Свёкор был рассеянный, о чём-то тихо переговаривался со своей Прасковьей Юрьевной. И отчего-то не было за столом Катерины — она сказалась больной, не желала никого видеть. Что приключилось, Наталье не сказывали, а спросить нельзя, не положено. Свекровь глядела на невестку ласково, но угощала за столом всё больше сына. «Ешь, Купита, любимое яство твоё...» Имя это его домашнее покоробило Наталью, но виду она не подала.

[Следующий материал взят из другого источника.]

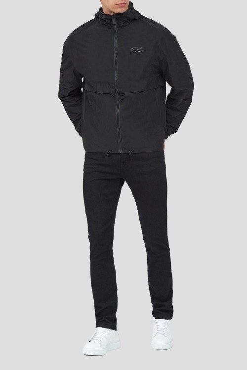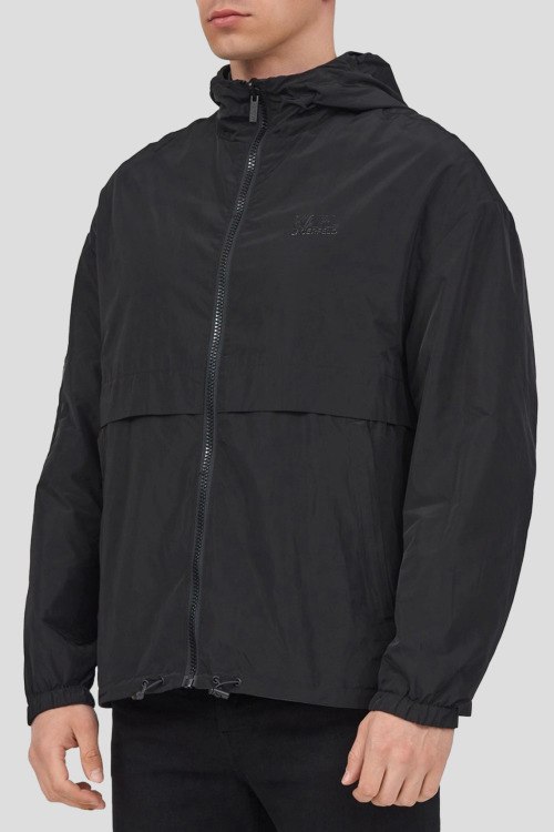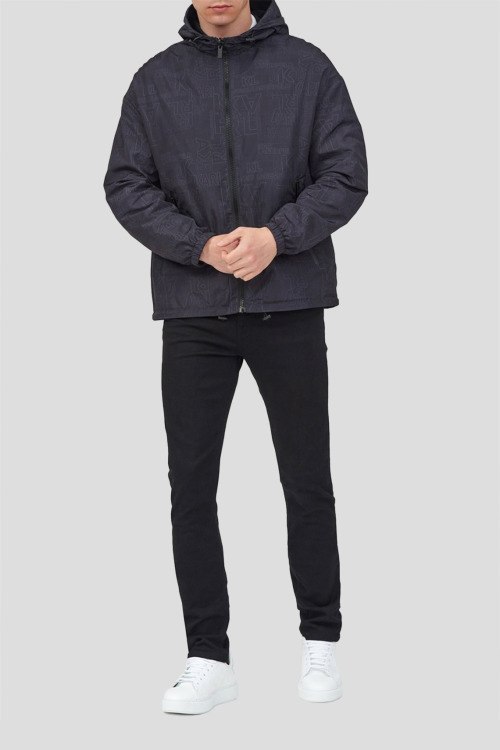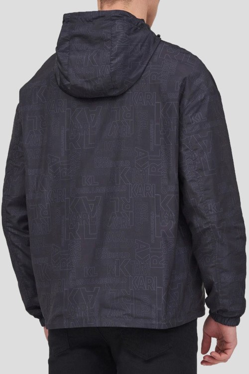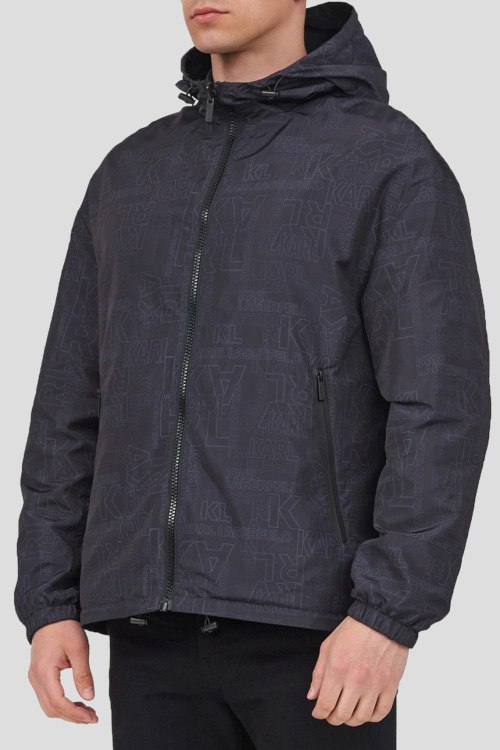 Детали: Мужская черная двухсторонняя ветровка от Karl Lagerfeld (Карл Лагерфельд). Вшитый капюшон, одна из сторон с принтом логотипа, боковые карманы на молнии, застежка-молния, манжеты на резинке, классическая длина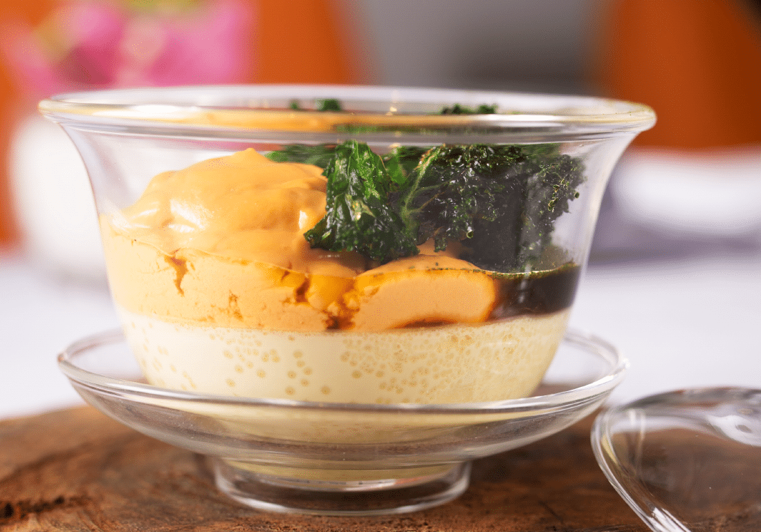To the course dishes: the Okayama Muscat Grape is a delightful interplay of sweet and savoury — julienned Okayama grapes and Hokkaido uni perched on top of fatty chutoro tartare that he mixes with pine nuts and peppery nasturtium flowers. A spicy-salty yuzu koshō sorbet kicks up the flavour a notch. There is an umami-rich egg creation, the Muirgen Oyster, that comes with bits of sweet botan ebi and Irish oysters. It’s a chawanmushi of sorts, though a two-layered one with creamy choron sauce (a tomatoey Béarnaise), truffle jus, and a bit of uni and crispy kale on top.

Единый ей был свет в окошке теперь — муж Иван Алексеевич. Он сидел в задумчивости, не выпуская её руки из своей. А потом вдруг вскинул голову, живым огнём сверкнули глаза, и проговорил:
— Знайте: спасительница моя единственная — Натальюшка! Прошу любить и жаловать... Дороже её нет никого. — И опять опустил голову. А затем взял гусли и запел-запричитал грустно-весёлое:
Беспечальна мати меня породила, гребешком кудрецы расчёсывала, драгими порты меня одеяла, и отошед под ручку посмотрела: хорошо ли моё чадо во драгих портах? А в драгих портах чаду и цены нет!..Опустилась ночь. Окна занавешены. Перины приготовлены. Молодые вступили в опочивальню. И никто, кроме месяца молодого, народившегося, туда не заглядывал, лишь ему ведомо, как отчаянно ласкал князь жену, как настойчивы были умелые его руки, а поцелуи маленького пухлого рта — как следы лепестков на её теле... Чуть не! три дня не выпускал робкую жену из опочивальни...
А с третьего дня молодым положено навещать родственников своих, близких и дальних. В первую очередь к дяде Сергею Григорьевичу отправились. Надев бледно-зелёное в полоску шёлковое платье, вплетя в волосы жемчужную нитку, накинув мантилью на беличьем меху, вышла Наталья Борисовна в гостиную. Слуга князя едва успел застегнуть все пуговицы на немецком кафтане — было их множество, целых двадцать две.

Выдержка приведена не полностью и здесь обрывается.